There is no question that there is a lot of terrorism about. Even a cursory glance at the news on a daily basis will uncover stories like an attack on a school by the Taliban in Afghanistan, an Al Shabaab strike on a Mogadishu hotel, yet another Boko Haram use of young girls as suicide bombers in Nigeria and many, many more. Terrorism has been with us a long time but we appear to be paying more attention to it in this post 9/11 world. Perhaps that is why it seems to be on the increase.
In light of this all too frequent scourge it is unfortunate that some actors elect to use the term ‘terrorism’ to refer to individuals and groups that are nothing of the sort. Not that this is a new tactic: as I am reading in Anne Applebaum’s excellent book on the Stalin-manufactured famine in Ukraine in the 1930s, Red Famine, the Soviets labelled anyone who was against its disastrous agricultural collectivisation policy as ‘counter revolutionaries’, ‘terrorists’ and ‘kulaks’ (supposedly rich peasants who wanted to hold on to evil capitalist practices). More recently of course there is no shortage of governments that dehumanise alleged enemies of the state (calling them cockroaches, rats or vermin) to incite supporters to rise up and eliminate them.

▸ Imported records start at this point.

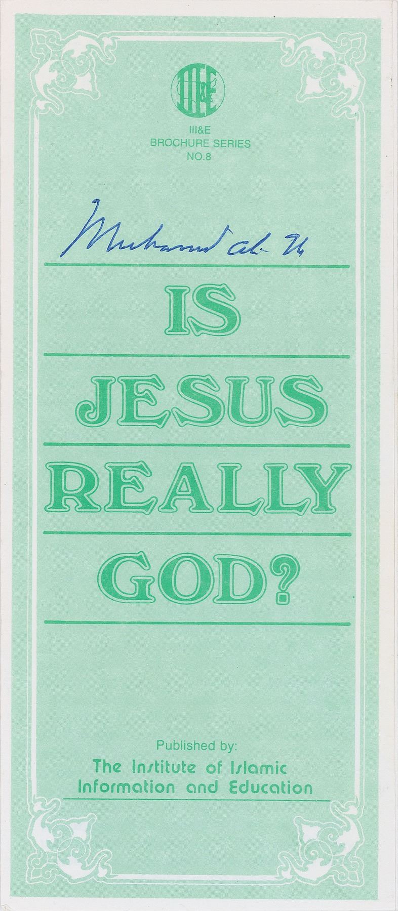 Tri-fold religious pamphlet entitled "Is Jesus Really God?," 3.75 x 8.5, signed on the front in blue ballpoint, "Muhammad Ali 96." In fine condition.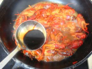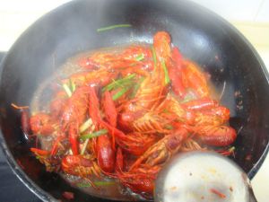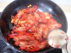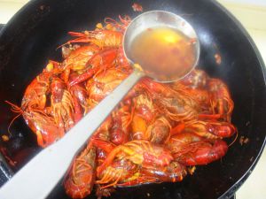 热锅热油倒入所有调料炒香,后加入小龙虾爆炒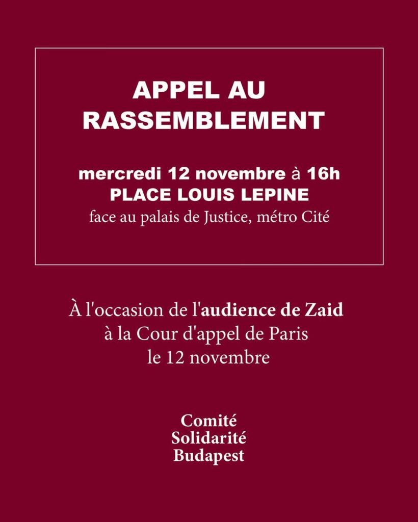 Suite à un mandat d’arrêt émis par la Hongrie qui l’accuse d’avoir participé à des violences contre des militants néo-nazis à Budapest en février 2023, Zaid a passé deux ans dans la clandestinité puis s’est rendu aux autorités allemandes et a été emprisonné de janvier à mai 2025. Après s’être réfugié en France en octobre de la même année (voir notre article), il est sous la menace d’une extradition. Si l’État français décide de le remettre aux autorités hongroises, Zaid encourt jusqu’à 24 ans de prison. Le mercredi 12 novembre à 14h30, le militant antifasciste comparaîtra devant la Cour d’Appel de Paris qui décidera ou non de son extradition. Au même moment, ses soutiens appellent à se rassembler place Louis Lépine (métro Cité, Paris) afin de le soutenir.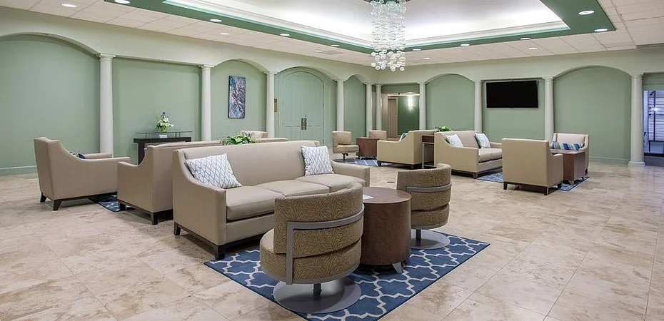 The lobby is medium in size, with brown carpets and sofa chairs. The seating area is in the middle of the lobby and a piano player at the corner of the room.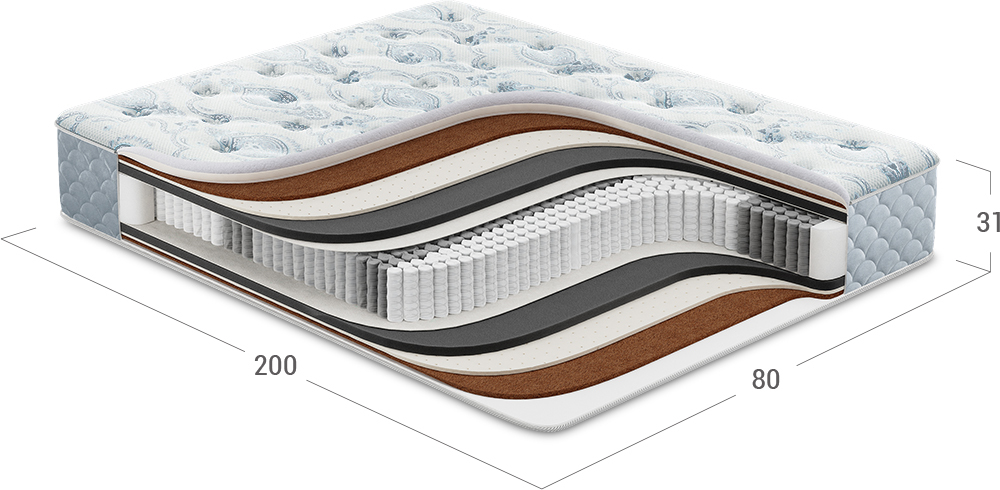 Для комплектации Comfort используется НПБ 1058 пружин на спальное место с 7-зональной поддержкой. Формируется 7 зон поддержки: голова, плечи, поясница, таз, бедра, голени, стопы. Зональная поддержка помогает принять анатомически правильное положение во время сна, за счет чего снимается мышечное напряжение спины и происходит расслабление тела.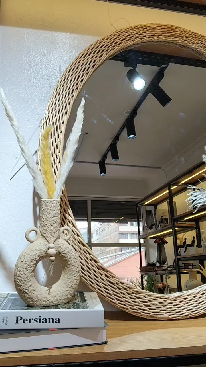 Big Size Modern Oval Rattan Bamboo Decorative Mirror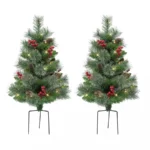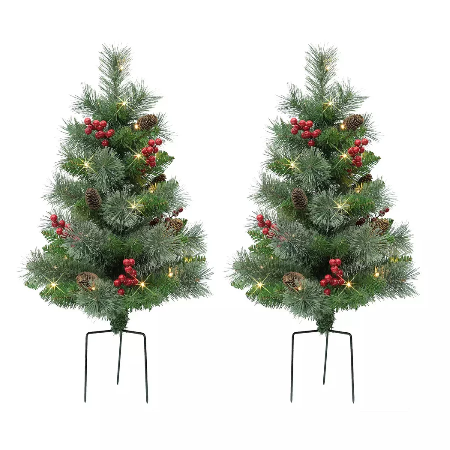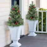 Puleo International 30 Pre-Lit Artificial Pine Branch Urn Filler Decor 2-pc. Set – Battery-Operated, LED Lights, Timer Function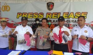 Dari tangan pelaku, Polisi mengamankan sejumlah barang bukti, termasuk narkotika dan obat terlarang (Narkoba) jenis ganja diduga akan diedarkan. Penangkapan ini berlangsung cepat. Kapolres Jayapura AKBP Umar Nasatekay, S.I.K., melalui Kapolsek Sentani Timur Iptu Susan Tecuari didampingi Kepala Distrik Sentani Timur, Eslie Suangburaro, SH, Kanit Reskrim Polsek SenTim. Aiptu Frengki Pangkali,S.H dan Tokoh Masyarakat Anton Maring membeberkan kronologis kerjadian dan proses penangkapan.

China is the latest example of a state that has started referring to protesters as ‘terrorists’. In the ongoing uprisings in Hong Kong as the demonstrations get larger the government-controlled media and some communist party officials have labelled the protest movement as something approaching “terrorism” that poses an “existential threat” to citizens. Hong Kong’s citizens cannot claim a monopoly on this epithet: China has used similar language for nonviolent movements opposing government policies in minority regions such as Tibet and Xinjiang.
This move is of course deliberate. By saying that it is having to deal with ‘terrorists’ the government can justify all kinds of actions, ranging from the suspension of civil rights to violent counter moves. After all, don’t ‘terrorists’ only understand the language of violence?
What I find disingenuous is that, at least in the case of Xinjiang and the Uyghurs, there has been real terrorism in China. Uyghur Islamist extremists have carried out terrorist attacks (I summarise some of these in my third book, The Lesser Jihads) and the state has every right to crack down on real terrorism. Instead, the central government has called all Uyghurs extremists and has built massive concentration camps – called ‘re-education centres’ – in an effort to eliminate the whole ethnic group.
I think that in part this tendency to call everything ‘terrorism’ worsened after 9/11. When US President Bush unwisely called for a ‘war on terrorism’ in the wake of the AQ attacks in Washington and New York a lot of unsavoury states saw their opportunity to sign up and at the same time rid themselves of their own ‘terrorists’, i.e. pesky opponents. When the war on terrorism is seen as all-consuming and urgent a lot of stuff that is peripheral at best, and devious at worse, gets lumped in. This is my take on what is happening in Hong Kong and China’s response to it.
In the end if some residents in Hong Kong resort to violence then by all means treat them as criminals (I am not sure that their actions can be construed as terrorist in nature, however). Otherwise, China must respect the ‘one nation two systems’ promise it made when it regained the island in 1997. And stop calling those who disagree with it as ‘terrorists’.